(Records excerpted from a collection)
Segment Open

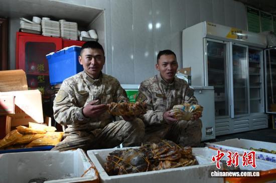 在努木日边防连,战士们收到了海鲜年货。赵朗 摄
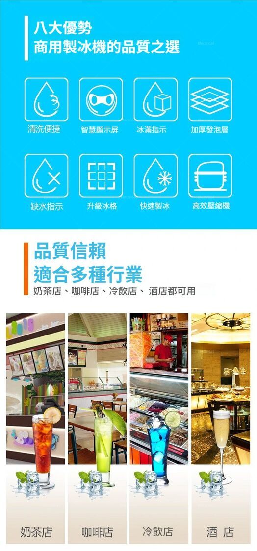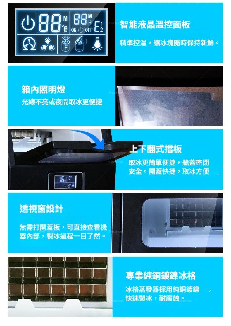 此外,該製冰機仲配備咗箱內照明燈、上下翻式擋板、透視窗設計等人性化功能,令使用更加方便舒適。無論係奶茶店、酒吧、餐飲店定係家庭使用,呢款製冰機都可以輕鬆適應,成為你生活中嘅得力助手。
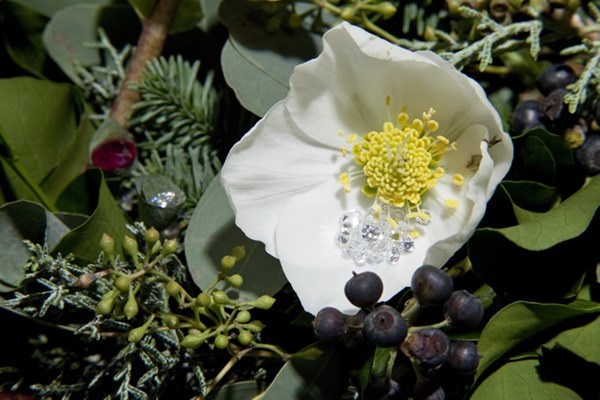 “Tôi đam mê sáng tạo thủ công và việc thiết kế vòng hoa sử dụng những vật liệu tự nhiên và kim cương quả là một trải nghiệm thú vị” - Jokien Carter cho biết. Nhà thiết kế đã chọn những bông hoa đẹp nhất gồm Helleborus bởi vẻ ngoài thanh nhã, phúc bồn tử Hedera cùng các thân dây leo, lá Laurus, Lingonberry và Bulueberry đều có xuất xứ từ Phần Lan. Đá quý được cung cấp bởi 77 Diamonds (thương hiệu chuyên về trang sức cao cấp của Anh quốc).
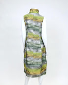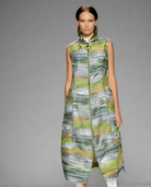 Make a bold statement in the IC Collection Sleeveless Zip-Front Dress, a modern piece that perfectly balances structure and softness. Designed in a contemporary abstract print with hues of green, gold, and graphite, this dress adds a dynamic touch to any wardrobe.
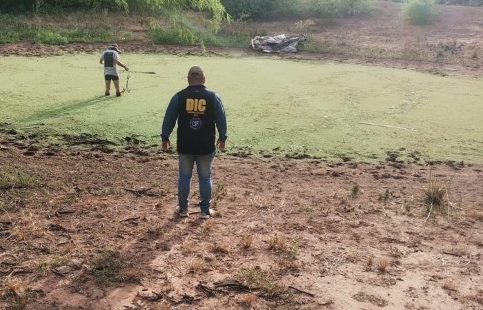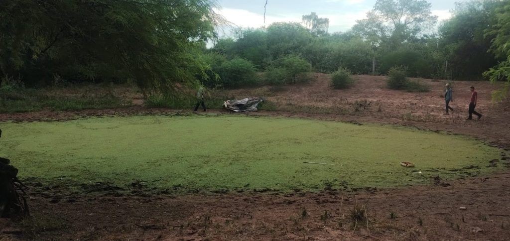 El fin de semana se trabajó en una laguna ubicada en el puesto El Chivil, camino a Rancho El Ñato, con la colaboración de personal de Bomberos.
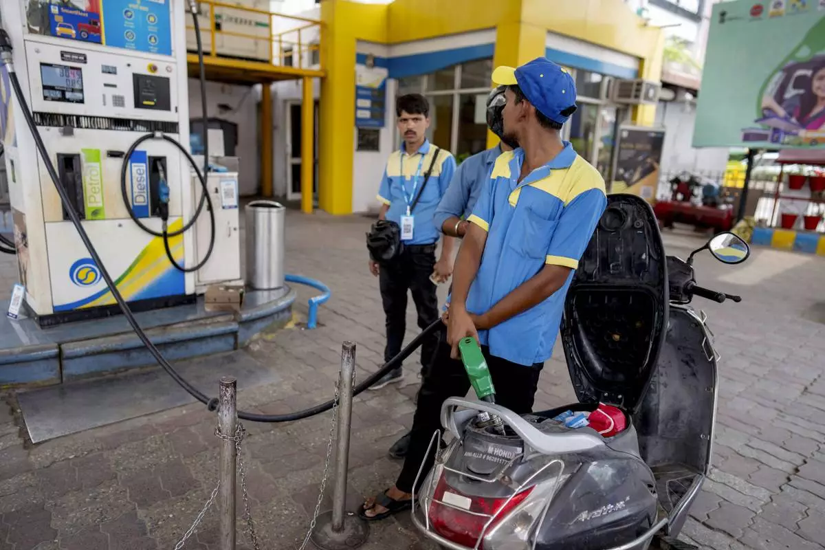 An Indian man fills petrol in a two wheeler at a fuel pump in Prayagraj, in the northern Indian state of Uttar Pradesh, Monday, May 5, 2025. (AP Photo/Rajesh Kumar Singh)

Segment Closed

**Exercise directions**. Only exact lines belong in the answer: those from the beginning of the entries above through the line holding "此外,該製冰機仲配備咗箱內照", with no pictures.

**Problem solution**.
 在努木日边防连,战士们收到了海鲜年货。赵朗 摄
 此外,該製冰機仲配備咗箱內照明燈、上下翻式擋板、透視窗設計等人性化功能,令使用更加方便舒適。無論係奶茶店、酒吧、餐飲店定係家庭使用,呢款製冰機都可以輕鬆適應,成為你生活中嘅得力助手。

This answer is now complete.